--- Work to be completed ---
Each entry should be set down again verbatim, with the images omitted.

--- Stored data ---

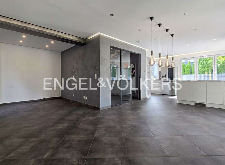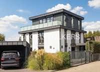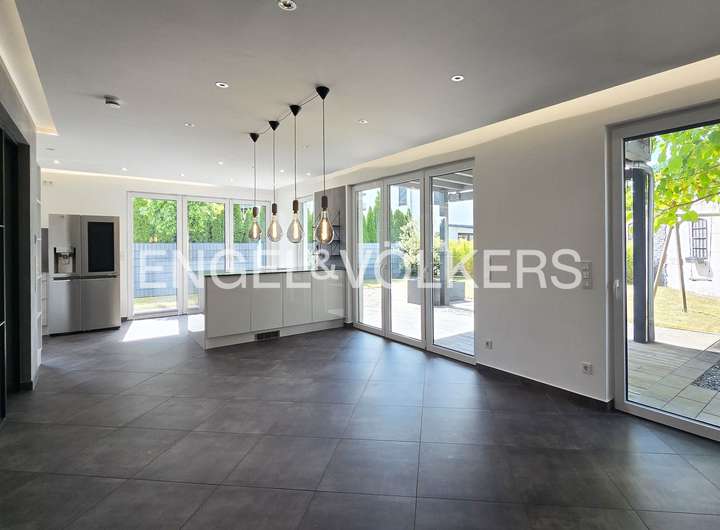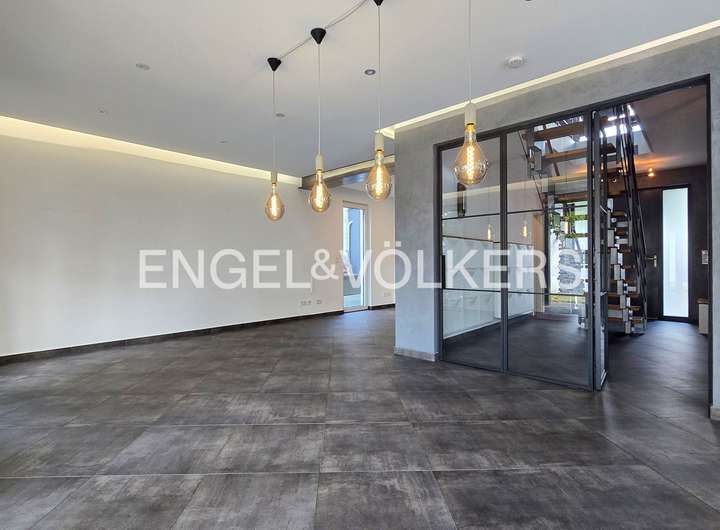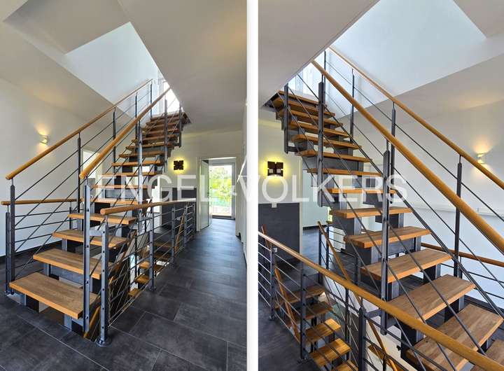 Im Erdgeschoss, hinter der Eingangstür, empfängt Sie ein großzügiges, lichtdurchflutetes Design-Treppenhaus, das den Mittelpunkt des Gebäudes bildet. Die stilvoll in der Mitte platzierte Treppe schafft eine eindrucksvolle Raumwirkung und verbindet alle Ebenen miteinander. Durch ein großes Glaselement öffnet sich der Weg in den weitläufigen Wohn- und Essbereich mit offener Küche. Hier entsteht durch zahlreiche bodentiefe Fenster eine außergewöhnliche Transparenz und Helligkeit. Der Blick führt frei in den Garten und lässt Innen- und Außenbereich nahtlos miteinander verschmelzen.
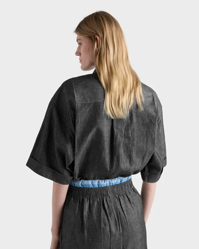 ワークウェアを、現代的なラインと洗練されたディテールを通じてミニマルに再解釈しました。ボックスシルエットのこの半袖シャツは、シャンブレー生地を使用しており、軽やかな着心地と洗練された美しさを兼ね備えています。
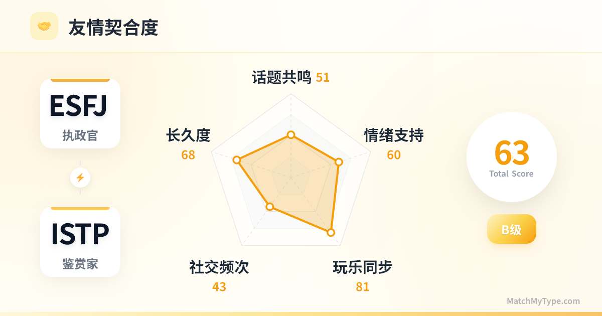这是一对极其高效的“实干组合”。ESFJ 擅长搞定“人”,ISTP 擅长搞定“事”。只要分工明确,你们能构建出既有凝聚力又有战斗力的团队。
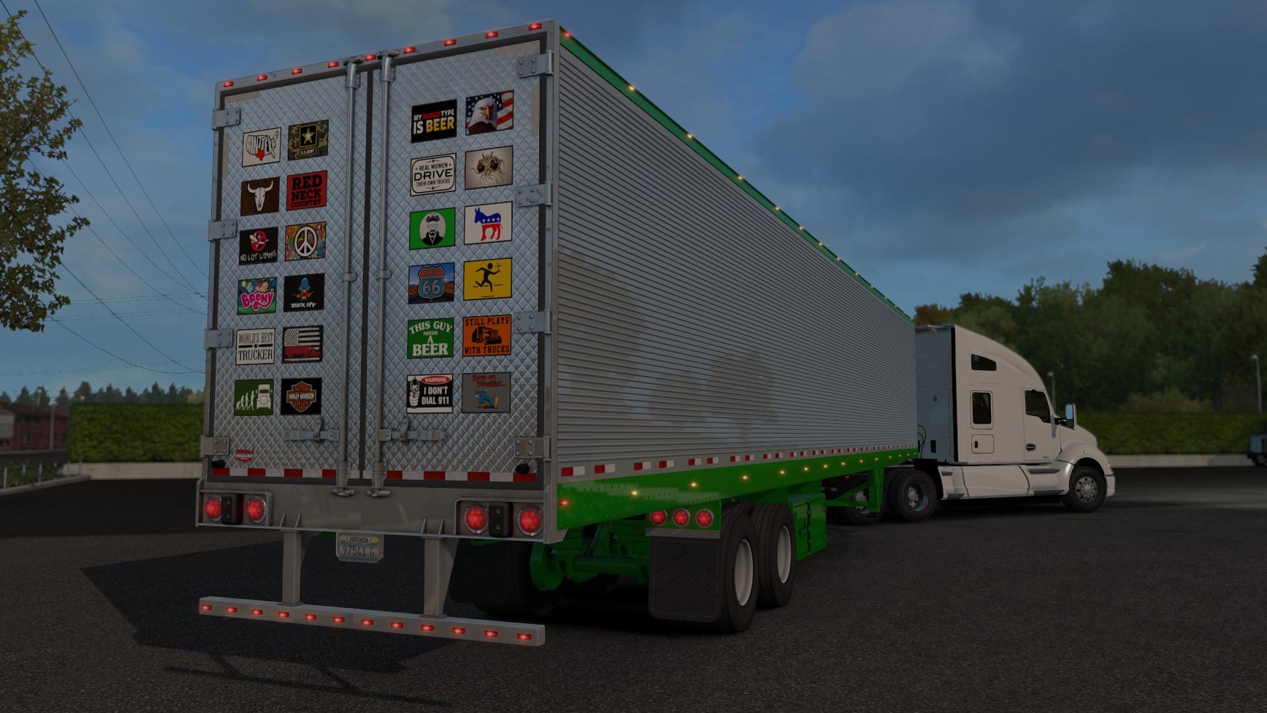 Update 1.6 available: - Mod updated for version 1.35; - Stock wheels are changed to standard. Perhaps this will reduce the required level of purchase for the player; - Added short tanks for the cooling unit; - Added the ability to install animated flags in the front and rear parts of the trailer, 4 flags are available; - Added the ability to install lights instead of reflective tape on the bumper; - Added a new chassis with four axles; - Added new options for cable boxes; - Added the ability to install additional equipment on the front wall (like standard trailers) and the Wabash logo on the door; - Increased the number of slots for stickers on the doors; - Added the ability to install rectangular lights on the cooling unit (claddnleft slot); - In tuning wings added lights, which cast light on the ground; - Added new stickers and skins. Mod adds a new one, based on the standard 53 'trailer, as well as one new load. Added as a completely new tuning, and tuning based on the standard, many elements of the trailer were recycled. The trailer is autonomous, the type of hitch is only one - a single trailer. Be careful that: 1) The trailer is only for purchase. Unfortunately, in freight market and traffic is not added. Maybe someday I'll do it, but I'm not sure about it; 2) All the bodies look the same, it's not a bug, it was well conceived; 3) The UV is new, skins for standard trailers will not work, but standard game skins have been adapted for this trailer. In the archive there is a template for drawing your skins; 4) Among the available skins there are skins that may contradict your opinions, beliefs, etc. etc. These skins will not be censored or deleted. I do not care that because of them you will refuse to use this mod. Credits: Chris Husky (Imperator3) |
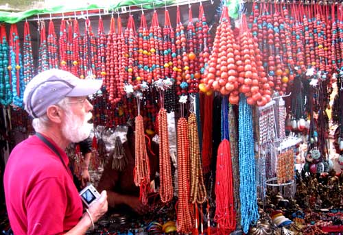 3月22日,拉薩八廓街上的各種工藝品吸引來藏的外國人。西藏自治區(qū)旅游局的統(tǒng)計(jì)數(shù)字顯示,今年1至2月,西藏共接待海內(nèi)外游客90482人次,其中國內(nèi)游客和國外游客與去年同期相比分別增長了11.4%和17%,實(shí)現(xiàn)旅游總收入6509萬元。
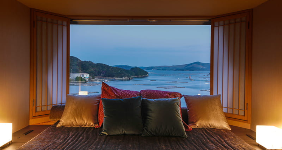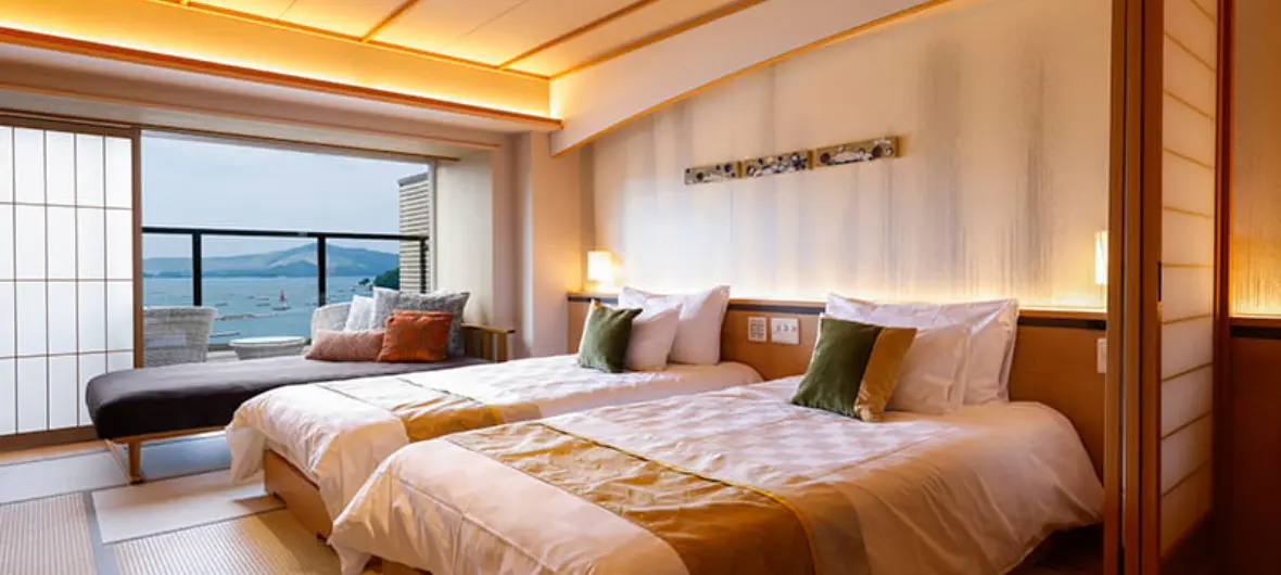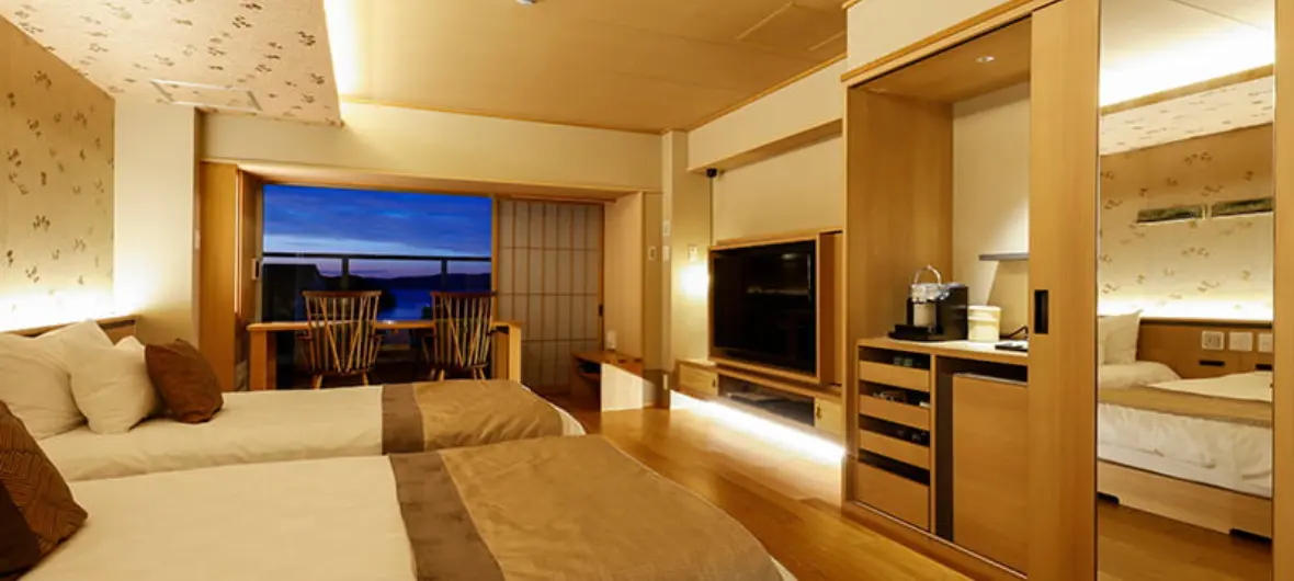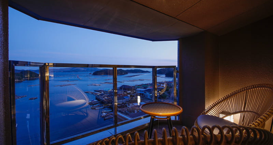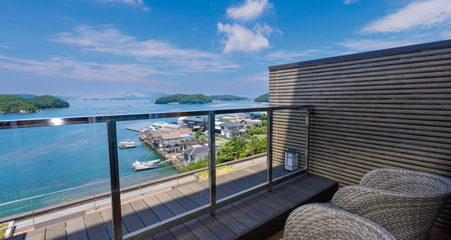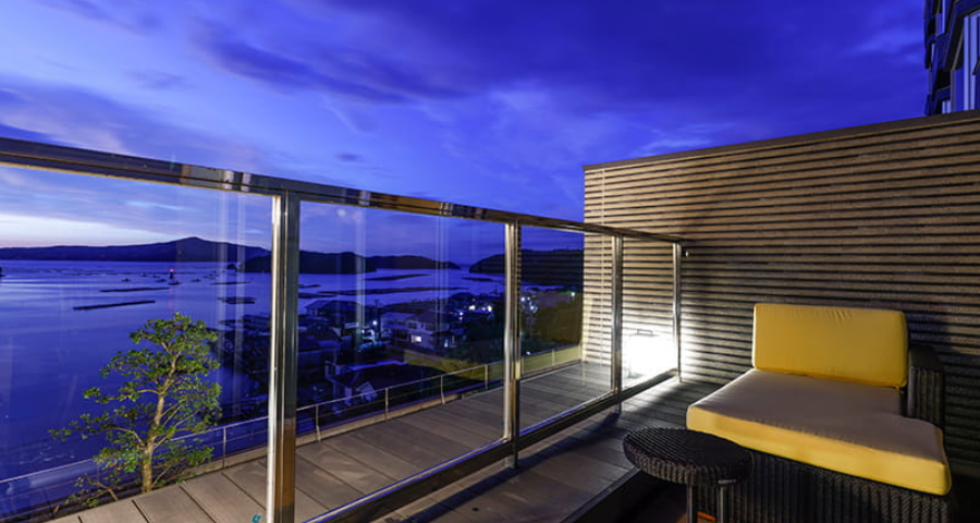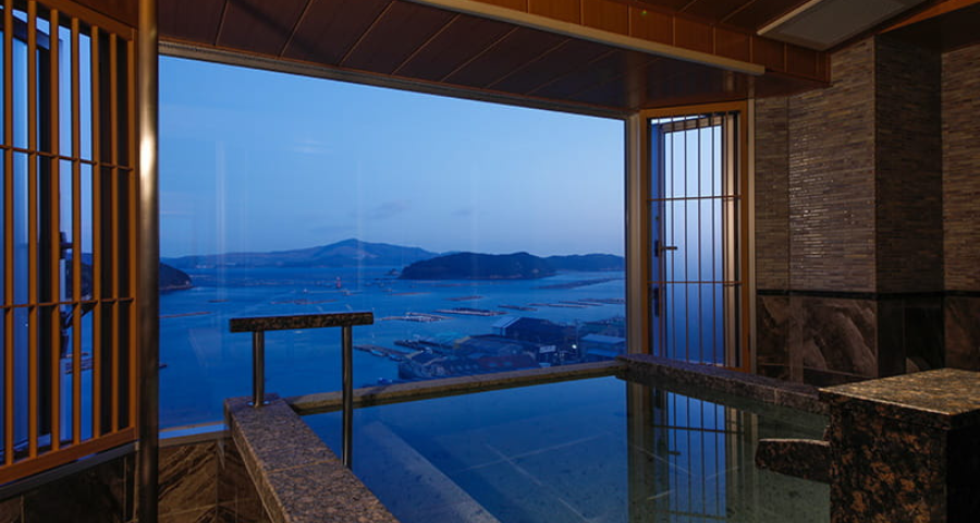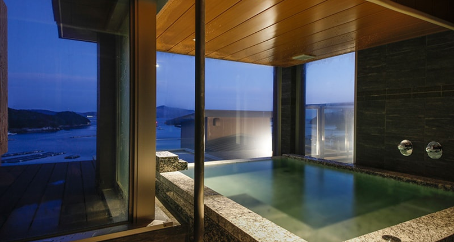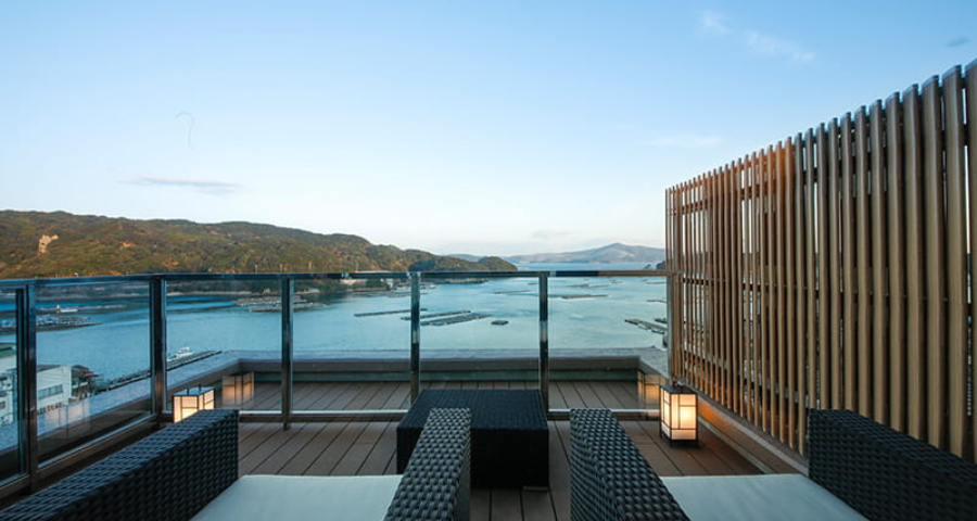 最上階のフロアに位置し、お部屋からはもちろん、温泉露天風呂からも海の景観をご覧いただけます。

--- Written response ---
 Im Erdgeschoss, hinter der Eingangstür, empfängt Sie ein großzügiges, lichtdurchflutetes Design-Treppenhaus, das den Mittelpunkt des Gebäudes bildet. Die stilvoll in der Mitte platzierte Treppe schafft eine eindrucksvolle Raumwirkung und verbindet alle Ebenen miteinander. Durch ein großes Glaselement öffnet sich der Weg in den weitläufigen Wohn- und Essbereich mit offener Küche. Hier entsteht durch zahlreiche bodentiefe Fenster eine außergewöhnliche Transparenz und Helligkeit. Der Blick führt frei in den Garten und lässt Innen- und Außenbereich nahtlos miteinander verschmelzen.
 ワークウェアを、現代的なラインと洗練されたディテールを通じてミニマルに再解釈しました。ボックスシルエットのこの半袖シャツは、シャンブレー生地を使用しており、軽やかな着心地と洗練された美しさを兼ね備えています。
这是一对极其高效的“实干组合”。ESFJ 擅长搞定“人”,ISTP 擅长搞定“事”。只要分工明确,你们能构建出既有凝聚力又有战斗力的团队。
 Update 1.6 available: - Mod updated for version 1.35; - Stock wheels are changed to standard. Perhaps this will reduce the required level of purchase for the player; - Added short tanks for the cooling unit; - Added the ability to install animated flags in the front and rear parts of the trailer, 4 flags are available; - Added the ability to install lights instead of reflective tape on the bumper; - Added a new chassis with four axles; - Added new options for cable boxes; - Added the ability to install additional equipment on the front wall (like standard trailers) and the Wabash logo on the door; - Increased the number of slots for stickers on the doors; - Added the ability to install rectangular lights on the cooling unit (claddnleft slot); - In tuning wings added lights, which cast light on the ground; - Added new stickers and skins. Mod adds a new one, based on the standard 53 'trailer, as well as one new load. Added as a completely new tuning, and tuning based on the standard, many elements of the trailer were recycled. The trailer is autonomous, the type of hitch is only one - a single trailer. Be careful that: 1) The trailer is only for purchase. Unfortunately, in freight market and traffic is not added. Maybe someday I'll do it, but I'm not sure about it; 2) All the bodies look the same, it's not a bug, it was well conceived; 3) The UV is new, skins for standard trailers will not work, but standard game skins have been adapted for this trailer. In the archive there is a template for drawing your skins; 4) Among the available skins there are skins that may contradict your opinions, beliefs, etc. etc. These skins will not be censored or deleted. I do not care that because of them you will refuse to use this mod. Credits: Chris Husky (Imperator3) |
 3月22日,拉薩八廓街上的各種工藝品吸引來藏的外國人。西藏自治區(qū)旅游局的統(tǒng)計(jì)數(shù)字顯示,今年1至2月,西藏共接待海內(nèi)外游客90482人次,其中國內(nèi)游客和國外游客與去年同期相比分別增長了11.4%和17%,實(shí)現(xiàn)旅游總收入6509萬元。
 最上階のフロアに位置し、お部屋からはもちろん、温泉露天風呂からも海の景観をご覧いただけます。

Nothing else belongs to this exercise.